The task:
Find the line with "one PCB contains" in the records below. Output exactly from there until after the line with "Bts I Need U Violin And Viola Sheet Music", without pictures.

Data extracts:
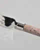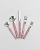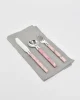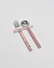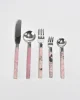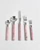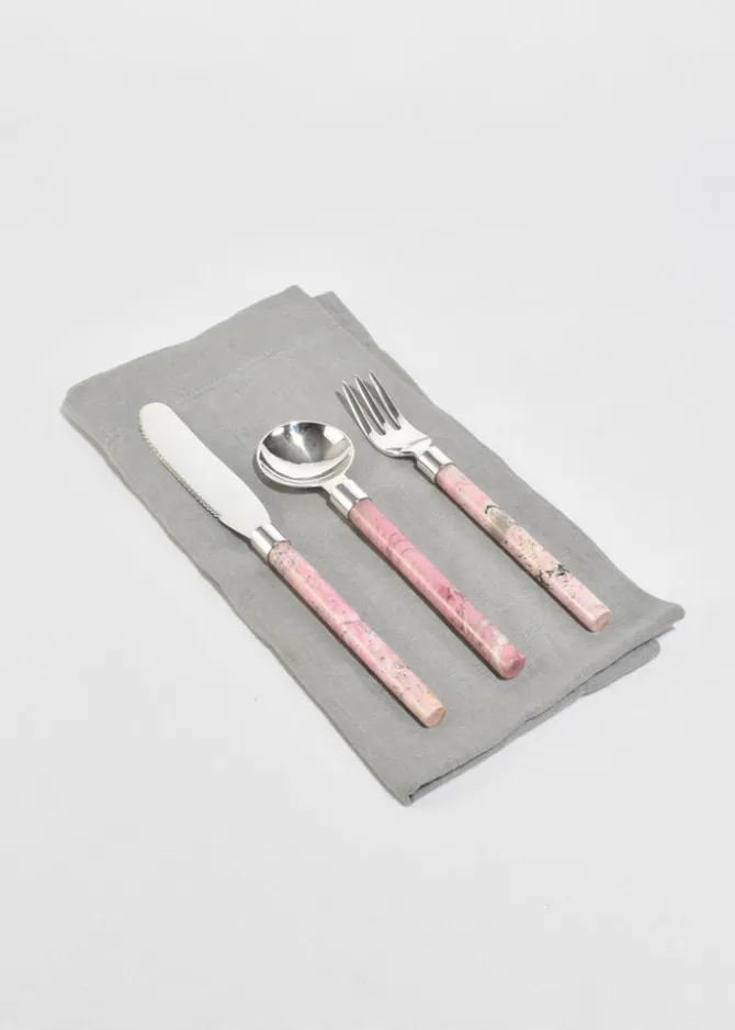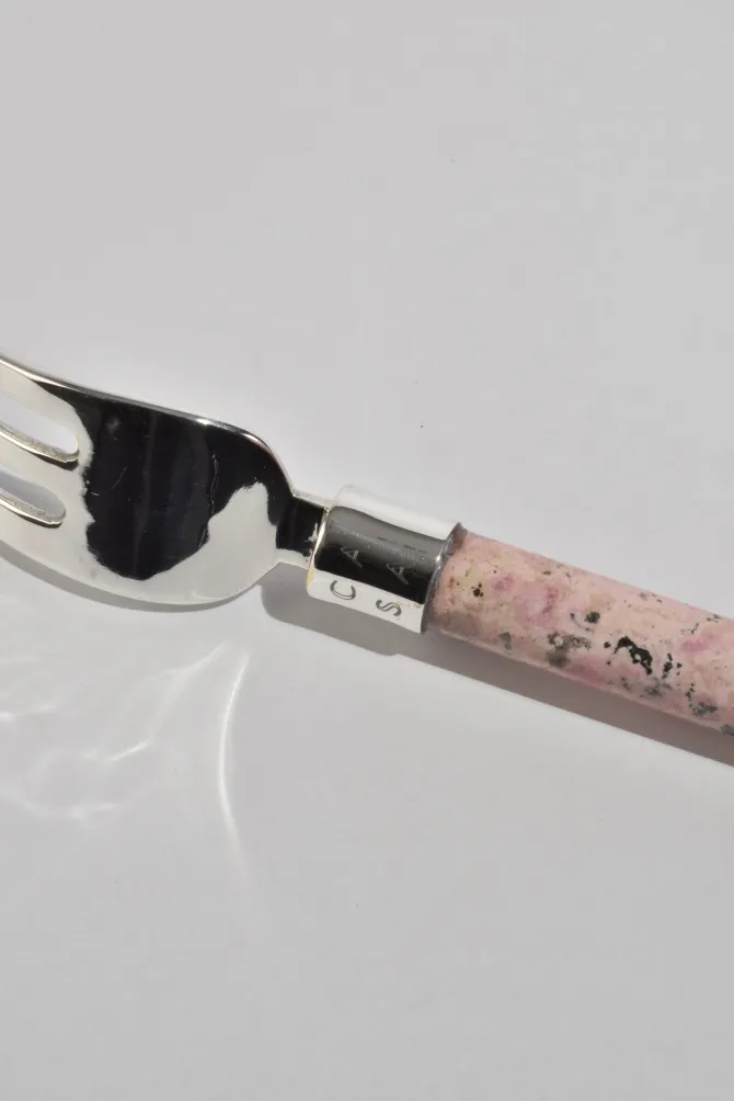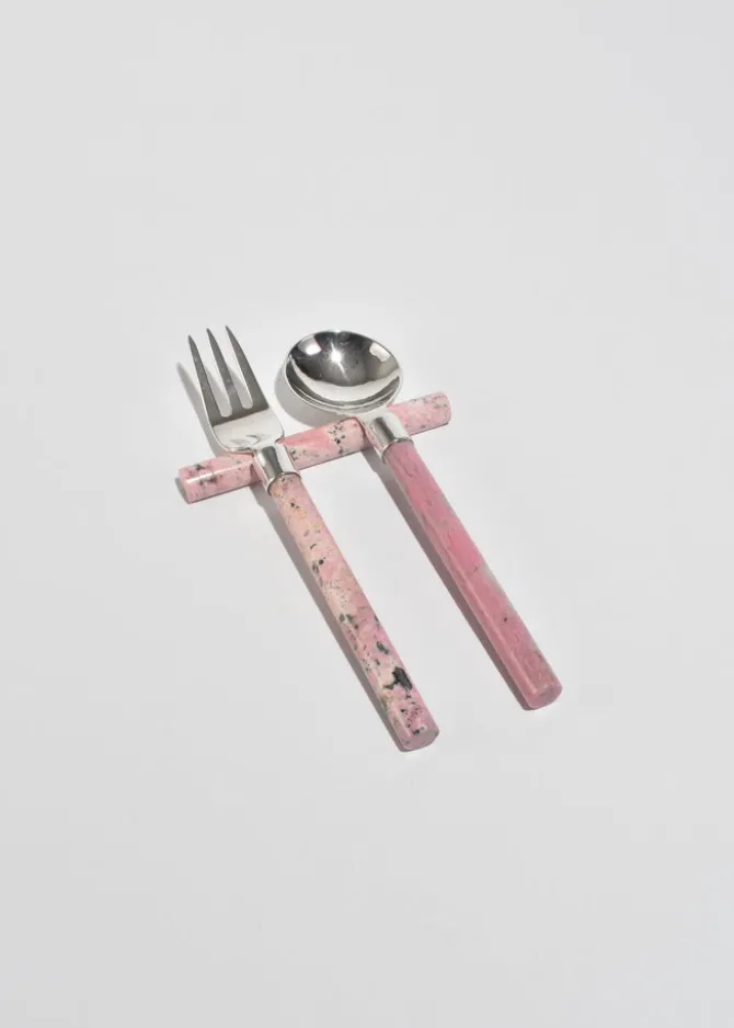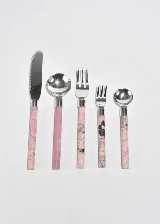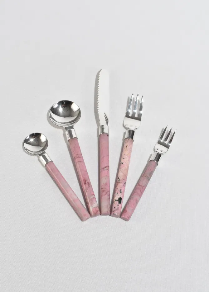 A sculptural cutlery set, combining silver-plated brass with pink rhodonite stone handles for a tactile, refined dining experience. Each set includes five pieces: a dinner fork, salad fork, dinner knife, soup spoon, and dessert spoon. Each piece is stampedCASA.
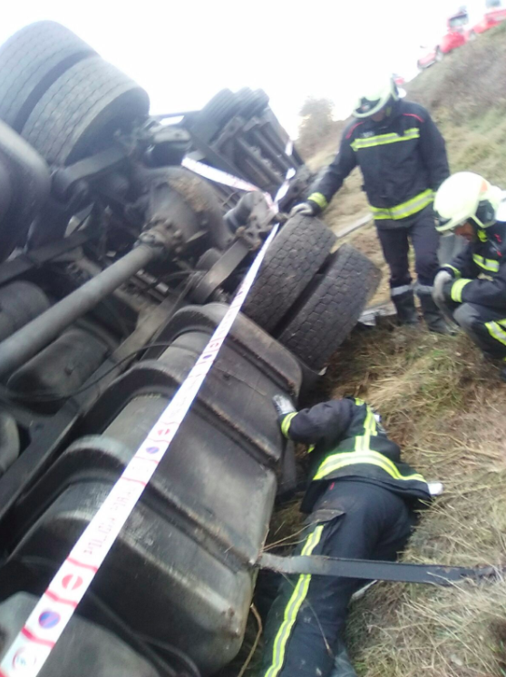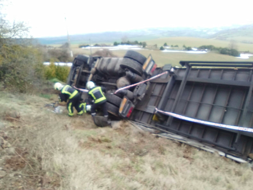 Un camión cargado con pienso se ha salido de la vía este viernes en la Na 7210 a la altura Meano (Navarra). Se ha producido una fuga de combustible del depósito cel camión que ha sido sellada por los Bomberos de Navarra. El conductor ha salido ileso.
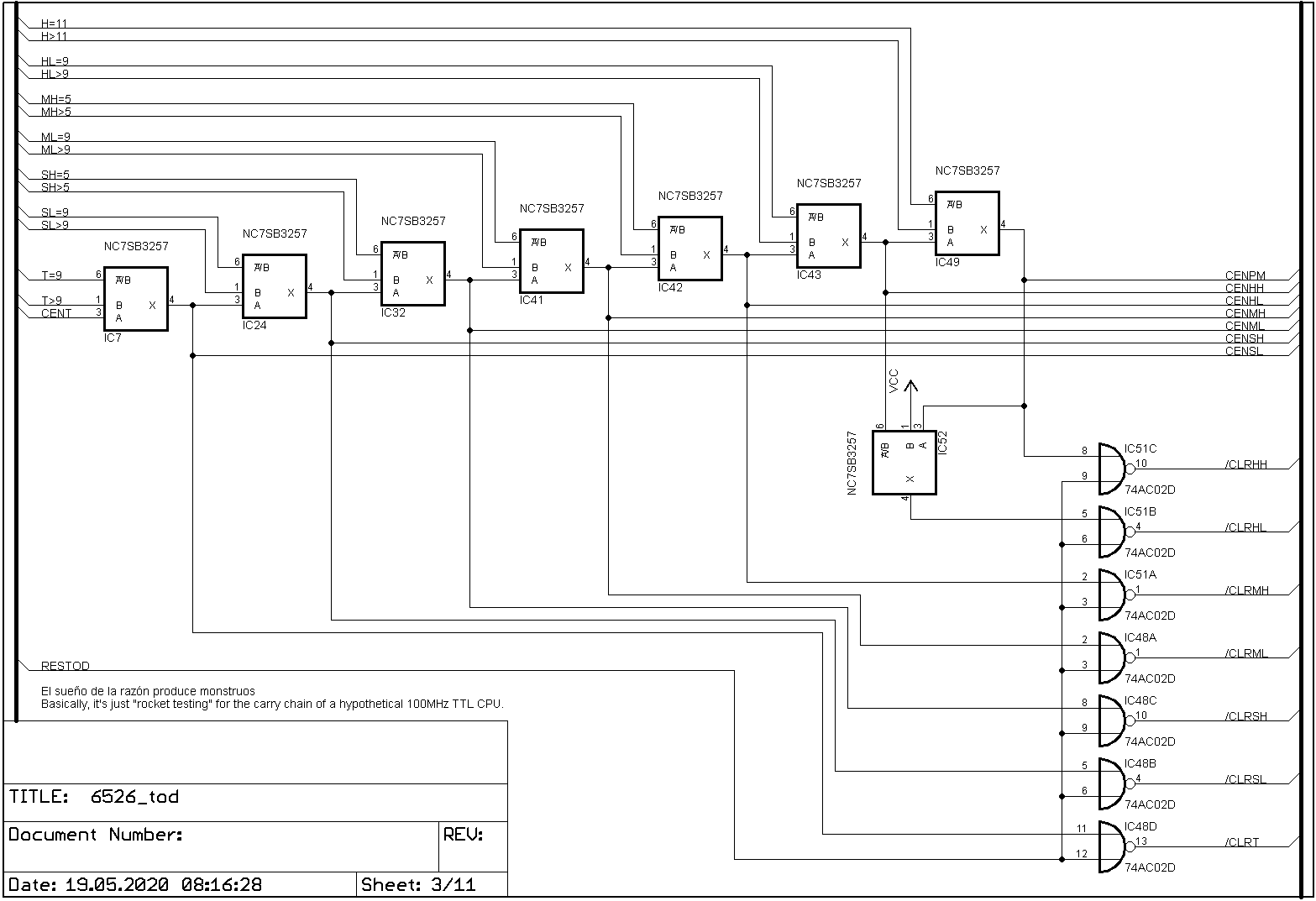 one PCB contains what I think should work as TOD. //It's also a "test balloon" for the carry chain of a hypothetical 100MHz TTL CPU.
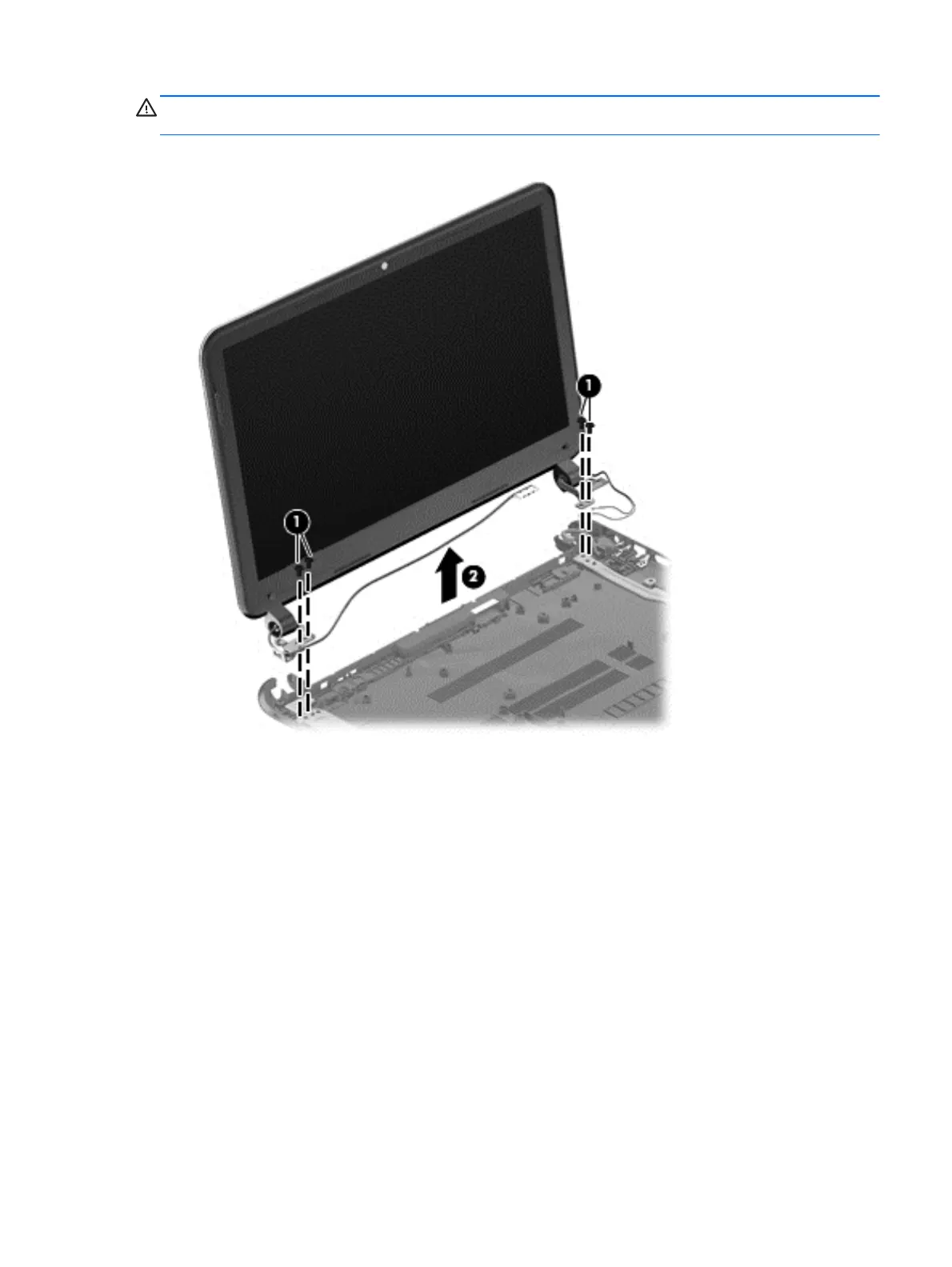 1. Remove the four Phillips screws from the display hinges (1) and lift the display assembly (2).
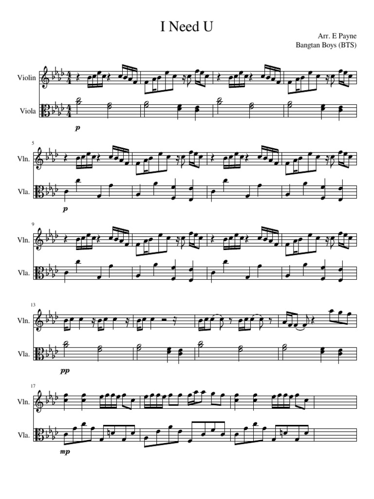 Bts I Need U Violin And Viola Sheet Music
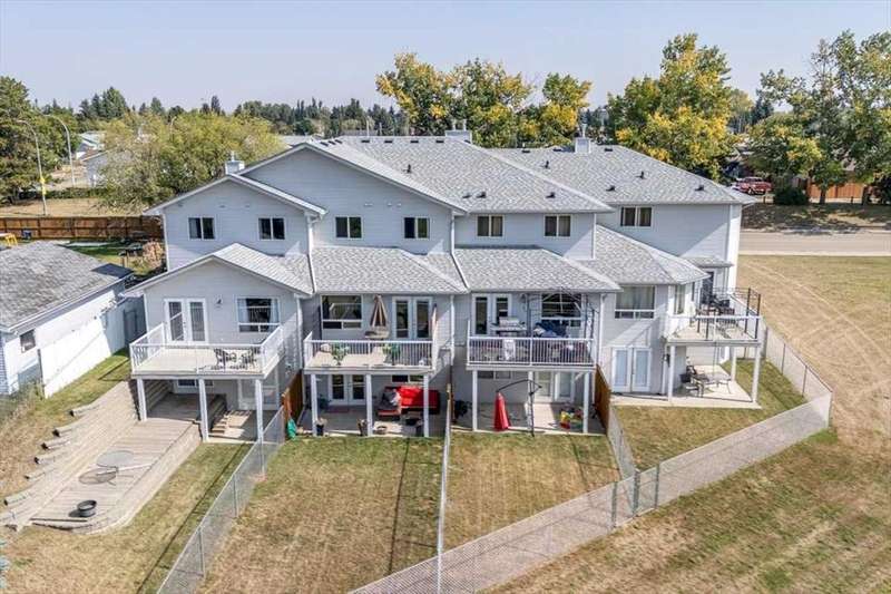 Welcome to this 4-unit townhouse complex, thoughtfully designed for comfort, convenience, and lifestyle. Each unit features an attached single garage, walk-out basement to an awesome backyard, and picturesque views backing onto a serene pond and scenic walking paths—perfect for morning strolls or evening unwinding. Property Highlights: Three units offer 3 spacious bedrooms and 3 bathrooms One unit features 2 oversized bedrooms, ideal for downsizers or small families Nearly 1700 sq ft of above ground space per unit, plus expansive basements ready for development or extra storage Beautifully landscaped backyards with direct access to nature trails and water views. Located in a prime central location—just minutes from schools, shopping, restaurants, and the renowned Abbey Centre Whether you're looking to live in one and rent the others, or expand your portfolio with a turnkey multi-family property, this gem offers the perfect blend of tranquility and urban convenience.

Solution for this exercise:
 one PCB contains what I think should work as TOD. //It's also a "test balloon" for the carry chain of a hypothetical 100MHz TTL CPU.
 1. Remove the four Phillips screws from the display hinges (1) and lift the display assembly (2).
 Bts I Need U Violin And Viola Sheet Music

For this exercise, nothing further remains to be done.